WORK TASK |
Once you find the line below that contains "در این تحلیل،", write it out along with every later line exactly as given, stopping only when the records end. Omit the pictures.

Saved data entries |
═══

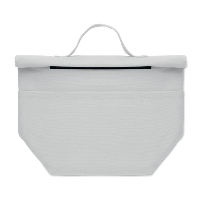 Recycled cotton (70% recycled cotton, 30% recycled polyester) insulated lunch cooler bag with rolltop hook and loop closure. Insulation: 3mm PE foam with 12C PEVA.
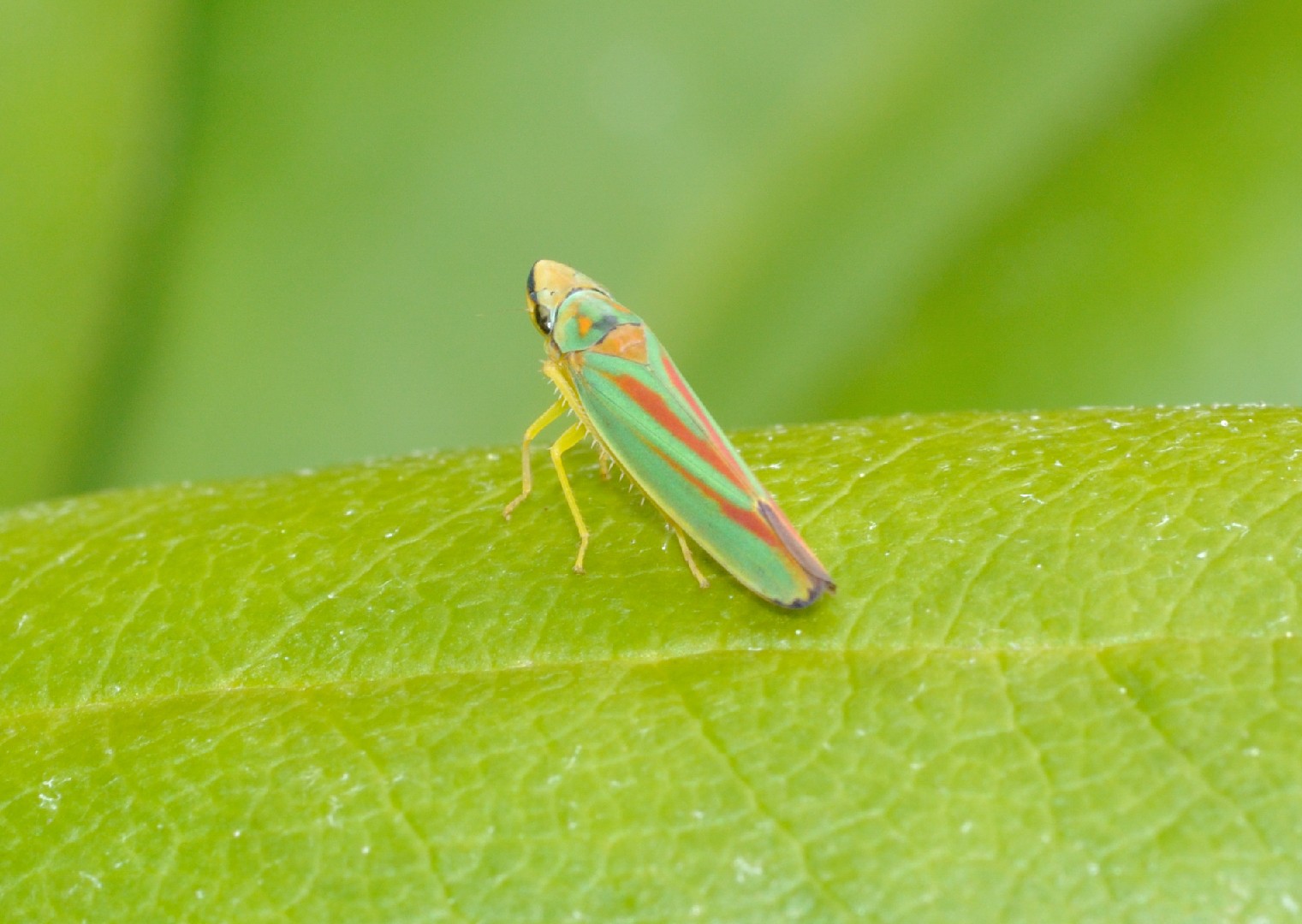 Rhododendron leafhopper (Graphocephala fennahi) Rhododendron leafhopper (Graphocephala fennahi) , used under CC-BY-3.0 /Cropped and compressed from original
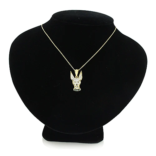This Dazzling Diamond Chihuahua Pendant in 14K gold from our Dog Jewelry for People collection weighs approximately 4 grams and showcases 0.51 carats of sparkling white, brown and blue diamonds. Featuring an exquisite design this diamond dog charm is available in 14K white, yellow and rose gold, and can be customized with any color diamonds/gemstones. Chain must be purchased separately. You also can personalize this piece or check we’ve already made and create your own design.
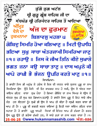 Amrit vele da Hukamnama Sri Darbar Sahib, Amritsar Sahib, Ang 826, 25-06-2025
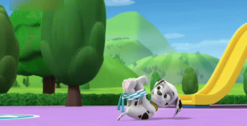 Paw Patrol's Skye helps Marshall by untying his legs, leading to a playful tumble in the park.
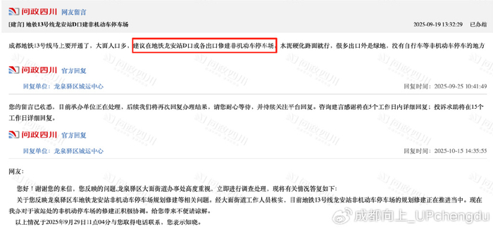 你看地铁还没开通,沿线居民就在呼吁官方修建非机动车停车场,值得点赞的是,龙安站非机动车停车场的规划修建正在推进当中。
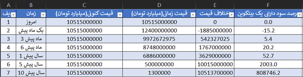 در این تحلیل، قیمت فعلی بیتکوین ۱۰ میلیارد و ۵۱۵ میلیون تومان در نظر گرفته شده است و بازدهی دورههای مختلف نسبت به این قیمت مبنا محاسبه شده است.
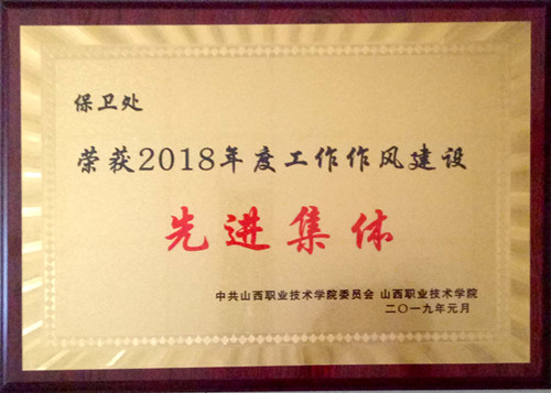 保卫处荣获2018年度“工作作风建设”先进集体称号。

═══

RESPONSE TO THIS EXERCISE |
 در این تحلیل، قیمت فعلی بیتکوین ۱۰ میلیارد و ۵۱۵ میلیون تومان در نظر گرفته شده است و بازدهی دورههای مختلف نسبت به این قیمت مبنا محاسبه شده است.
 保卫处荣获2018年度“工作作风建设”先进集体称号。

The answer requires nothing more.